1. Expert Q&A: Protecting a person with dementia from financial abuse - Weds 26 June, 3:30-4:30 pm

    Financial abuse can have serious consequences for a person with dementia. Find out how to protect a person with dementia from financial abuse.

    Sam, our Knowledge Officer (Legal and Welfare Rights) is our expert on this topic. She will be here to answer your questions on Wednesday 26 June between 3:30 - 4:30 pm.

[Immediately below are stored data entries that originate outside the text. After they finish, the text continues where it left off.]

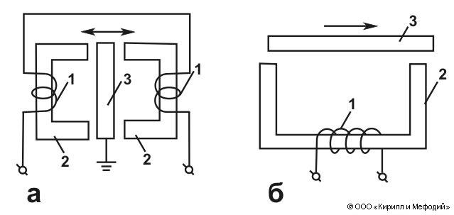 Схема конструкции индуктивного датчика: а — с переменным воздушным зазором; б — с переменной площадью воздушного зазора: 1 — катушка индуктивности; 2 — сердечник; 3 — якорь.
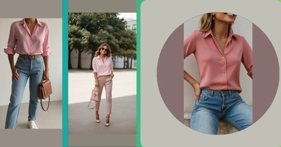 Forget the boring old t-shirt! This outfit screams sophistication without trying too hard. It’s a great example of how a simple, beautiful shirt can be dressed up or down. You could totally dress this up with some cute heels and jewelry for a night out, or keep it casual with sneakers for a day of exploring. Seriously, the versatility of this rose pink shirt and jeans combination is unmatched! It’s like a magical wardrobe staple that can make you look amazing for any occasion.
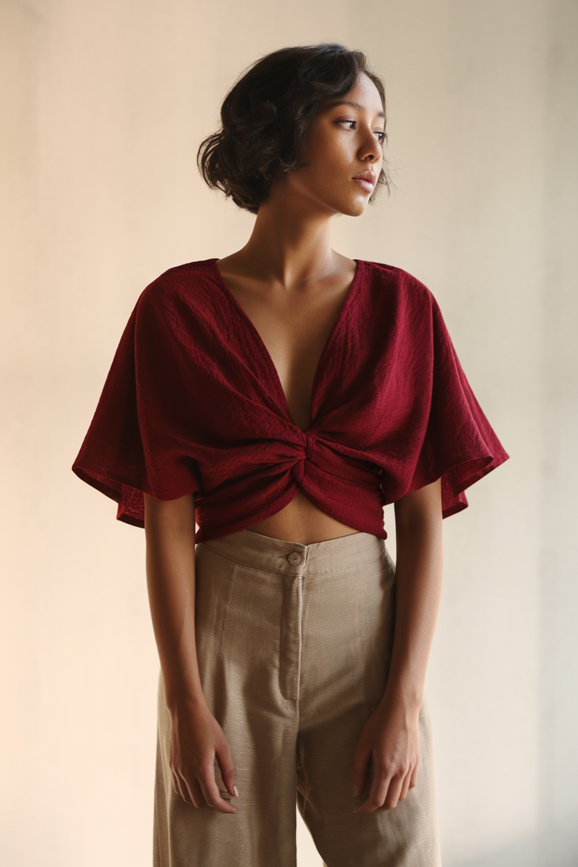 #15 Deep Red Twist-Front Top and Neutral Pants for Understated Boldness
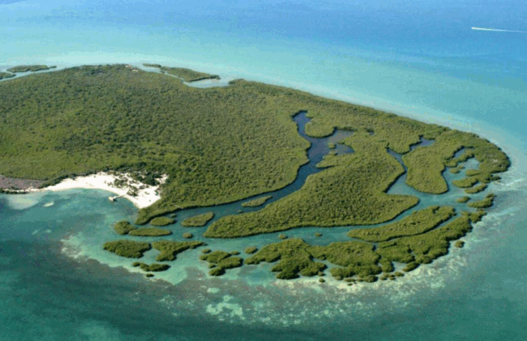 A 100% private island, approximately 20 minutes boat ride from Belize City. So in reach from the international airport within 45 minutes, It has pristine natural beaches, inland rivers, deep water access, a water well, a boat dock and some basic infrastructure is already in place.
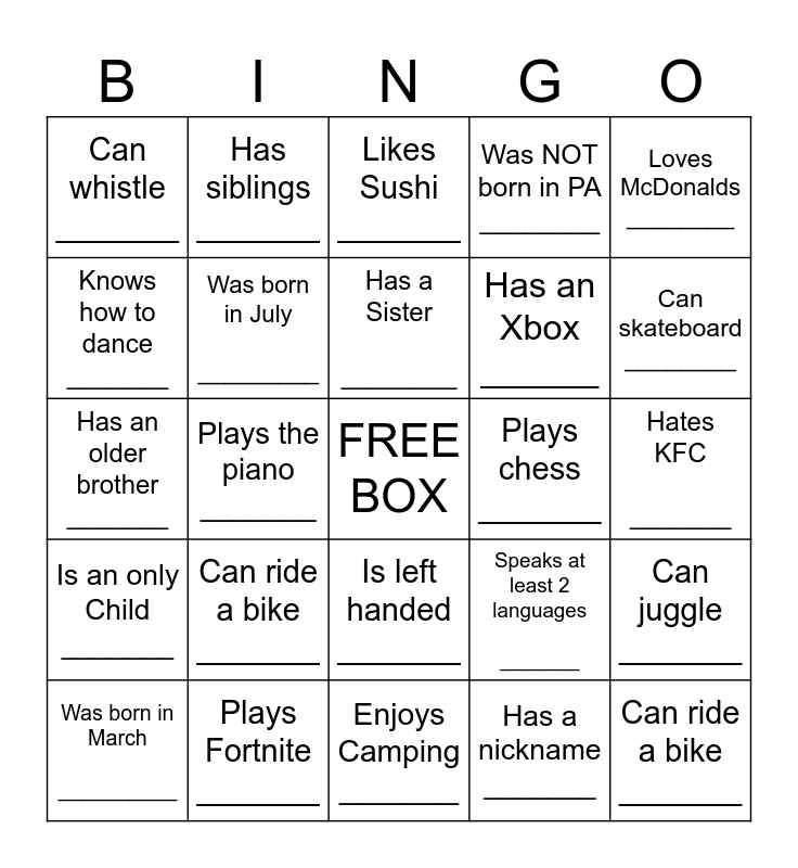 This bingo card has a free space and 32 words: Has a nickname _______, Is wearing jeans ________, Plays the piano _______, Has a Dog _______, Is an only Child _______, Was born in July _________, Loves McDonalds ________, Can juggle _______, Has siblings _______, Hates Pizza _______, Has a Sister ________, Likes Sushi _______, Plays a sport at school ________, Can whistle _______, Plays chess _______, Was NOT born in Australia ________, Was born in March __________, Has an older brother _______, Is left handed _______, Can ride a bike _______, Speaks at least 2 languages _______, Plays chess _______, Hates KFC _______, Plays Fortnite _______, Can ride a bike _______, Was NOT born in PA ________, Has an Xbox ______, Knows how to dance _______, Can whistle _______, Enjoys Camping _______, Has a nickname _______ and Can skateboard ________.
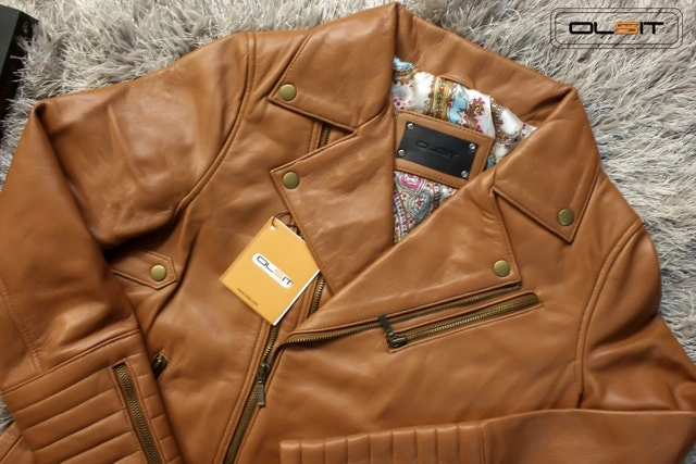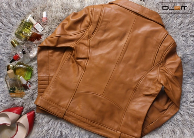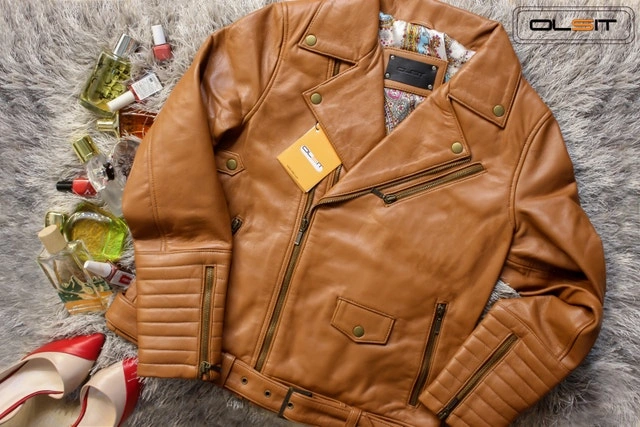 Skinny fit, lined with patterned premium silk. Features a seam-sealed YKK zipper and bronze buttons. Color: Almond Brown. Size: Small. See attached size chart for details. Made from calfskin leather. Care instructions: Wipe or spot clean only. Use leather conditioner to keep moisturized. Dry clean for difficult stains only. Condition: New. For Sale By: Owner. Curbside pick up available. Drop off/Delivery available. Cash accepted.
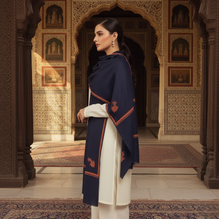 Embroidered Kingri Woolen Stole - Navy

    You can either post questions >here< or email them to us at talkingpoint@alzheimers.org.uk and we'll answer as many as we can on the day.

  1. Starter

    Starter Registered User

    Oct 10, 2015
    We are just 10 days into mum's diagnosis. Today she said that she isn't taking her medication or going back to the hospital because the dr had whispered in her ear that she had schitzophrenia and dementia. I told her that was untrue because I was there, but she genuinely believes its true. What do I do? This is so new to me
  2. fizzie

    fizzie Registered User

    Jul 20, 2011
    It may be that she is really worried about both of these things and they are on her mind and so she is stressing. It might not be much good trying to dissuade her - My ma spent 4 years denying she had any kind of memory loss and the rest of us were idiots - i suspect i might be a bit like that too lol. One day very close to the end she said to me "Do you know I think I really do forget things sometimes" oh my I did laugh (inwardly) but still passed it off with an oh well never mind I do too or something similar!!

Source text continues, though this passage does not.